Last night (if you call 3AM "night", that is) I turned in a portion of my dissertation proposal to my advisor. It was 30+ pages, and probably half the length of the ultimate product ... but maybe 1/4 of the work of the ultimate project :( I have three weeks left for the deadline I set for myself (10/15) and four weeks for my advisor's deadline. I dont want to push it out that late since I'm due with baby #2 shortly after that date ... and I know he will not accept early labor as an excuse for not sending him the work.
So I've been working 3 days a week, 5 hours at a time with my sitter. I work about 2 hours during Brooke's nap every day I dont have the sitter. After Brooke goes to bed I put in about 4 hours of work (last night, about 6 hours). And yet despite all the hours I have put in, what I sent last night was still very much draft-form. Its not a huge deal because it was more of a good-faith-check-in ... so he knows I'm out here progressing towards my goal. But it IS a huge deal in the respect that I'm putting in so much time and still struggling to end up with a completed project.
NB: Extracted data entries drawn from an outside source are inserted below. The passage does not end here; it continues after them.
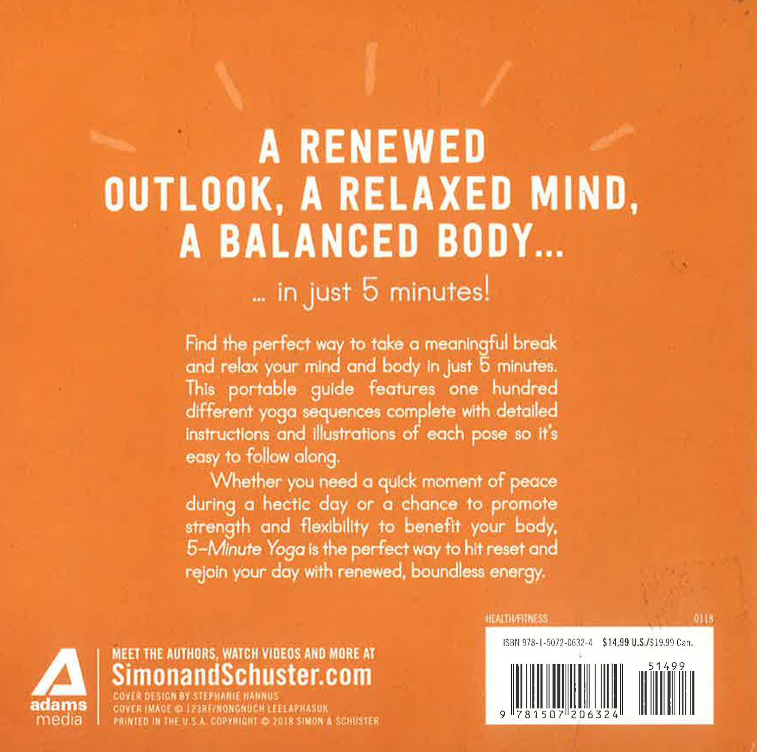 In 5-Minute Yoga, you’ll find 100 yoga sequences that can help you refresh your body and mind in only five minutes. Each sequence—designed to provide a specific benefit to your body, mind, and spirit—contains a detailed explanation with illustrations of each pose so it’s easy to follow along.
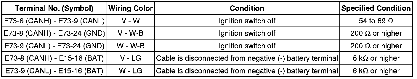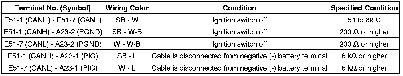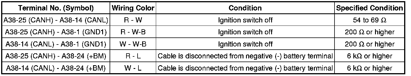 * Turn the ignition switch off before measuring the resistances of the CAN bus main wires and the CAN bus branch wires.
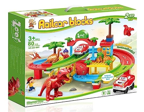 Generic - لعبة تركيب مكعبات حديقة ديناصور ريلكار بمزايا صوتية وضوئية - 80 قطعة
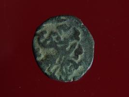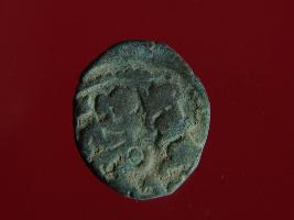| Description / विवरण | This is a copper coin with silver coating on it. The depression on obverse side depicts a deity sitting on a horse and holding a spear in his right hand. On reverse side a bull in a standing position. Shape is almost circular. Surface is smooth. Appearance is metallic bronze. |
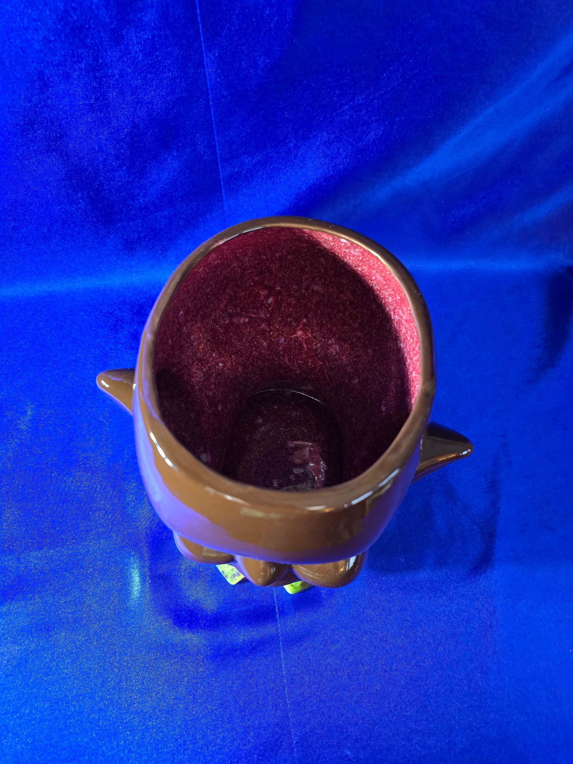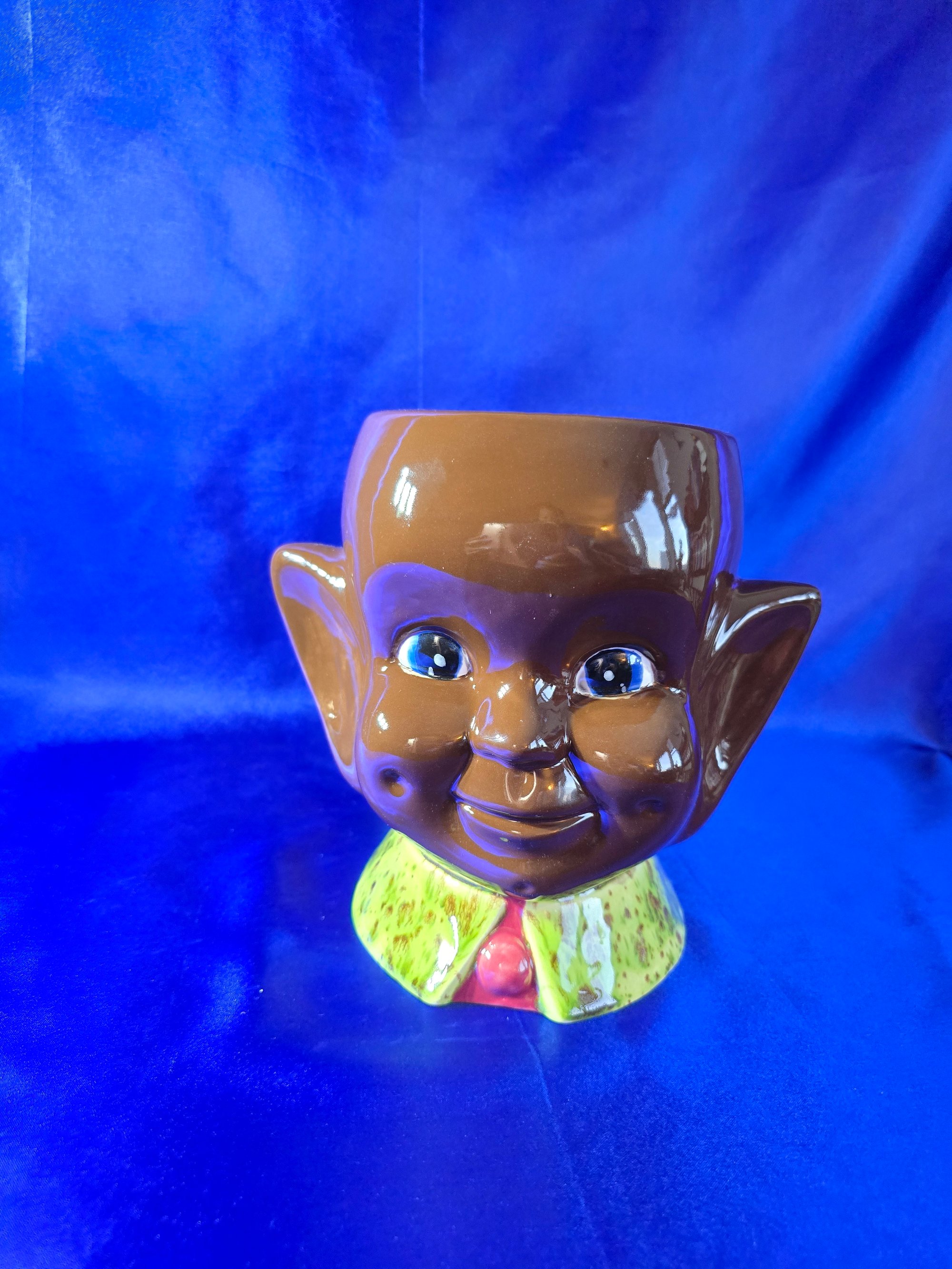 This ceramic elf head punch bowl, stands at 7 inches tall and is about 9 inches wide. He can hold about a half a gallon of punch or any other favorite drink. He will be the talk of the party or featured piece at any dinner party. This handmade treasure will definitely give them all something to talk about.
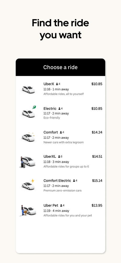 - UberX: Affordable rides, All to yourself
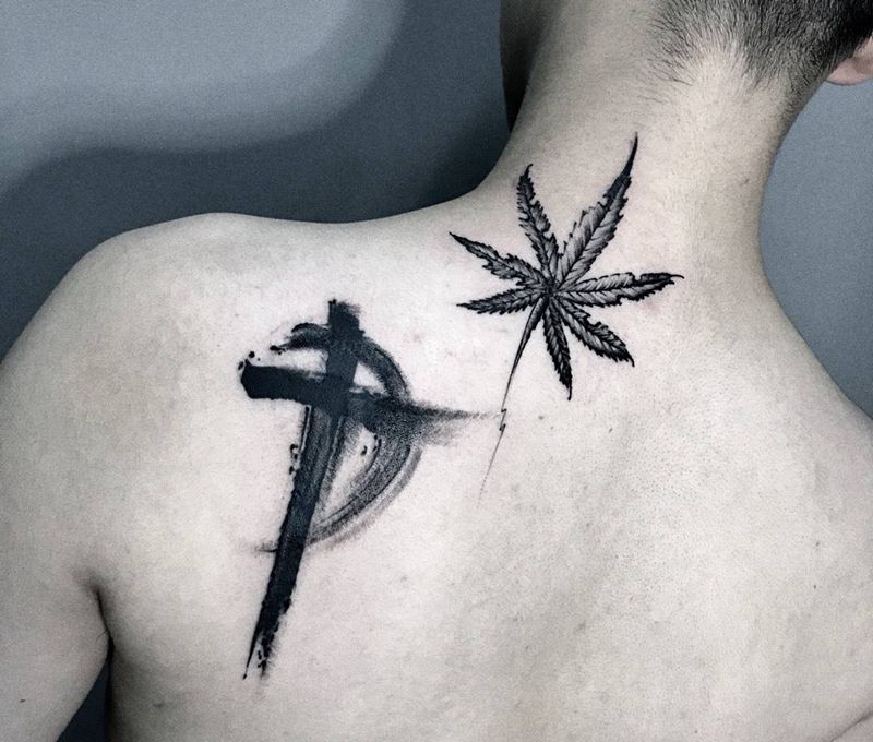 当前位置: 首页 >浙江省宁波市纹身店-无风格纹身工作室纹身图案>大麻纹身图片_成品肩部清新植物纹身图案
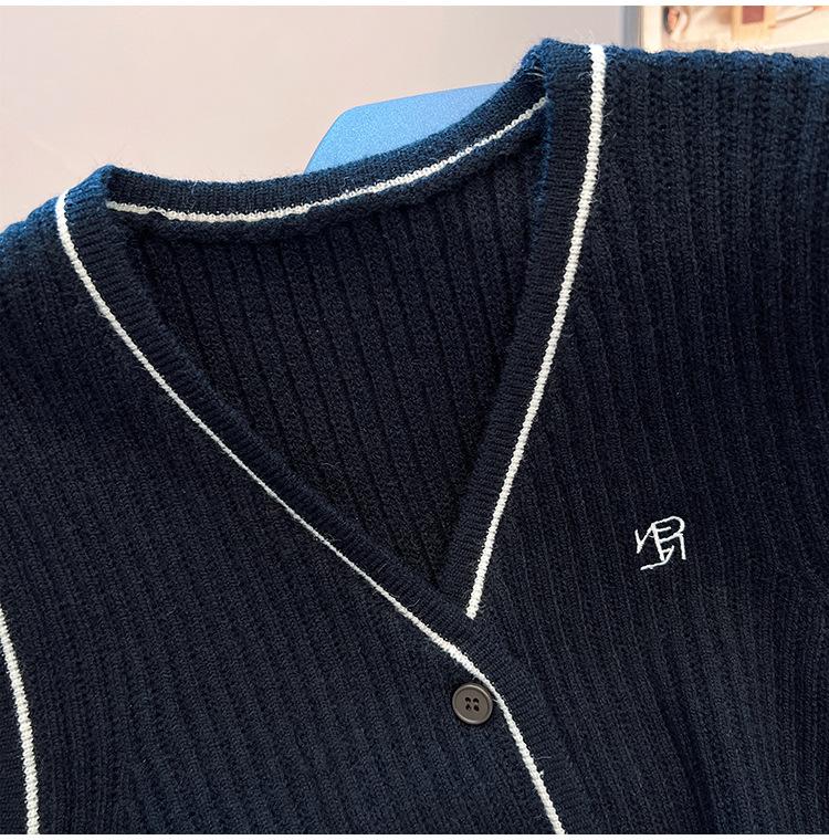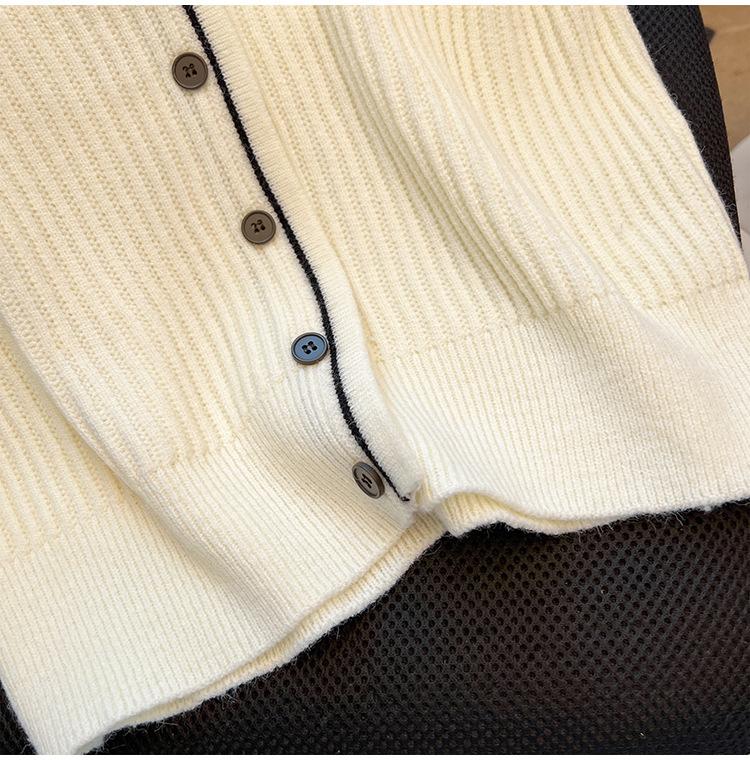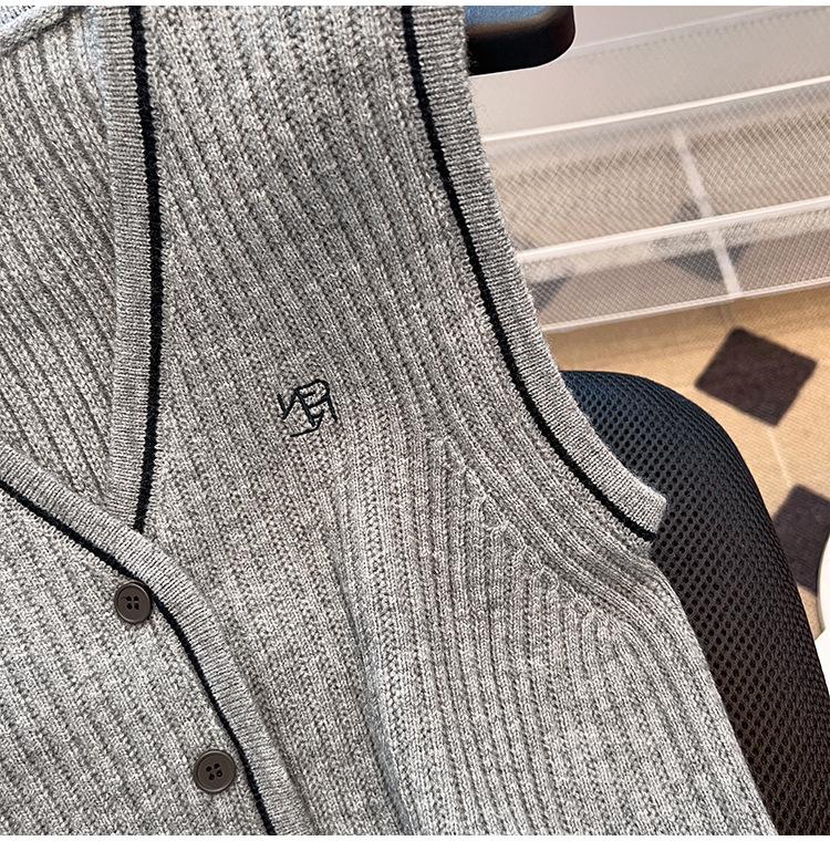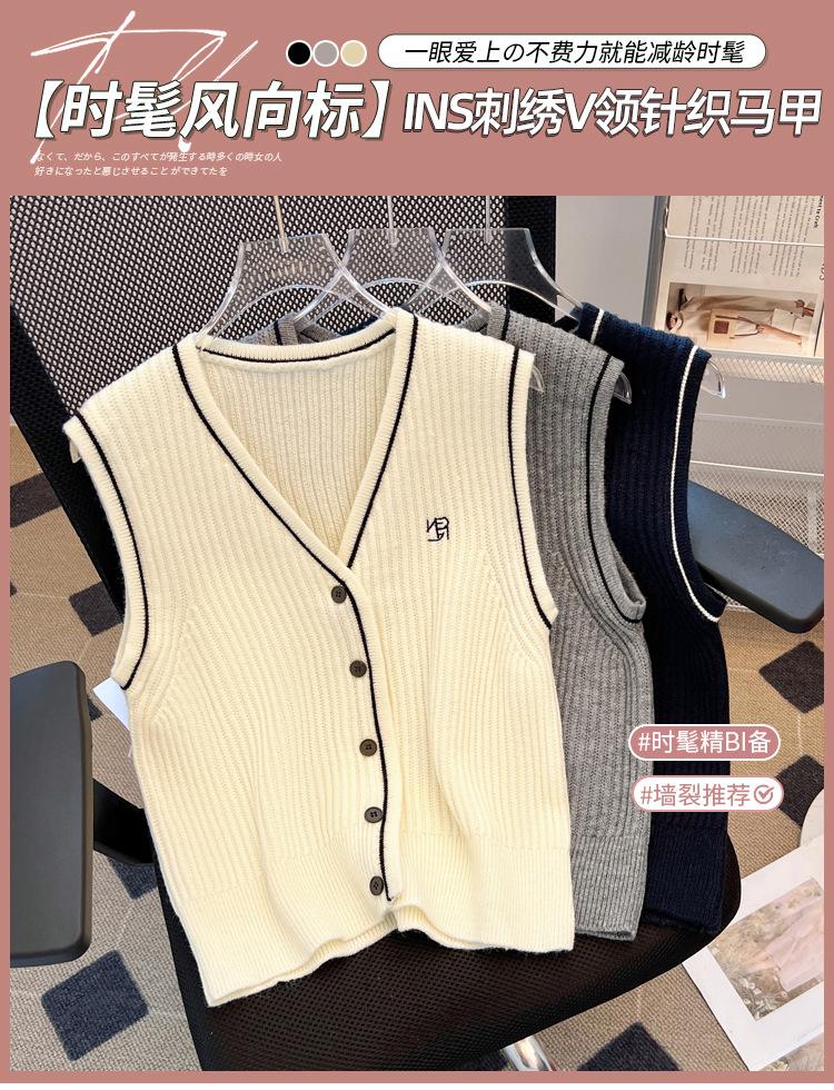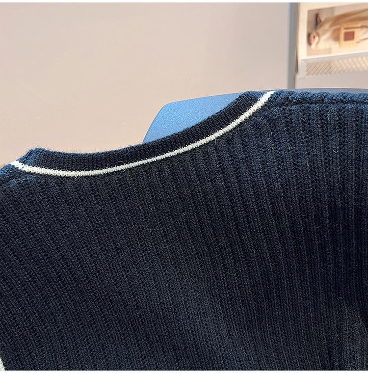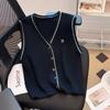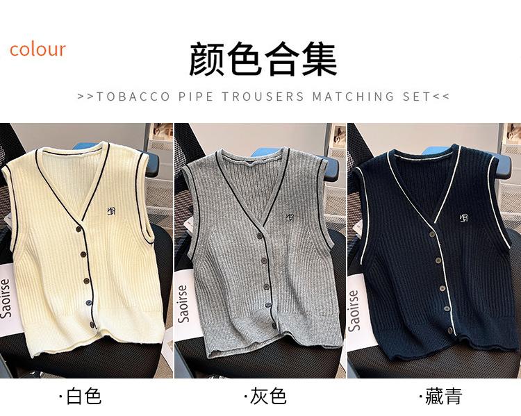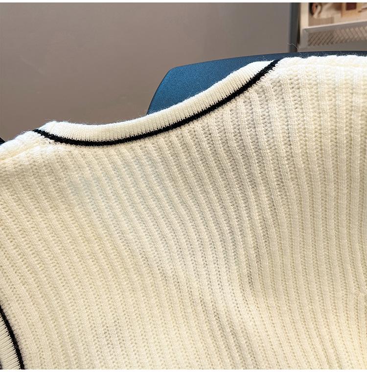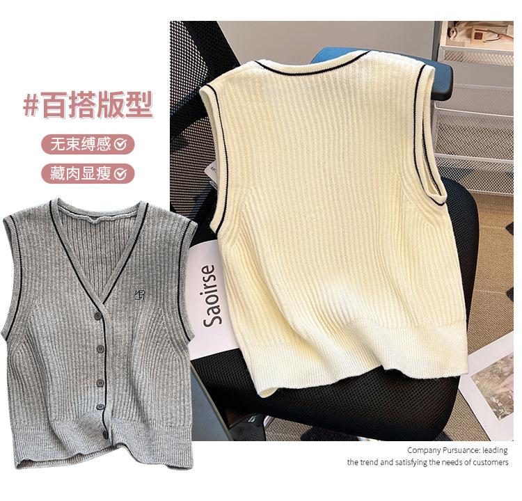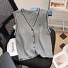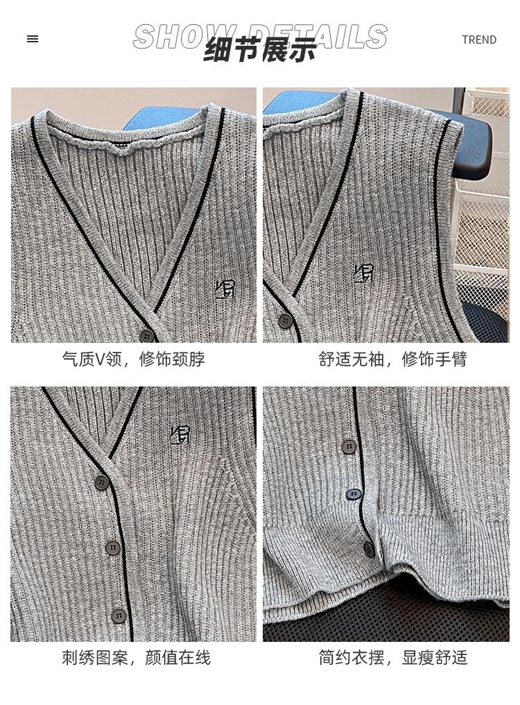 Chaleco de Punto de Color en Contraste Estilo Universitario para Mujer Otoño 2024 Estilo Cuello en V Apilado Combinable Sin Mangas Ropa Exterior Top Corto

I was up until 2AM on Saturday night. Not having fun. Not getting things ready for the new baby. I was working. And Brooke got up at 6:30, of course. Luckily, Daddy got up with her and let me get an extra hour of sleep in the morning. It was the most awesome thing in the world. I wish he could be here every morning so I can crash a little longer after these late night dissertation crunches :)
To top it off, I had to cancel my trainer today, because she comes during Brooke's nap ... and today I'm taking a nap when she does. And despite the fact I got about 2 hours of sleep last night and know I need (and deserve) a nap, I already feel guilty about the time I'm losing sleeping instead of doing some of the other things I have to do.
Even more importantly ... this is a huge week. Brooke turns TWO on Friday, and its also her first day of school. So, while I'm stressing about my school, right now I'm even more worried about the fact that I have to drop of my "baby" for her first day of school in just a few days. I guess the good thing is, the night before I will likely get tons of work done ... since I'm not gonna be able to sleep anyway ;)
3 comments:
hum well I can't say I relate at all so I won't go there, but I can say you should be sooooo proud of yourself! I mean did you read that post??? Look at everything you are getting done while still being a good mommy... I hope things start to come together for you
SO PROUD OF YOU !!!!!! You own this B****.
I can't imagine how tired you are!
Get some rest: Running on empty won't make for a better dissertation.
On another note: Happy b-day to Brooke! And good luck with her start fo school. It isn't easy leaving those little nuggets.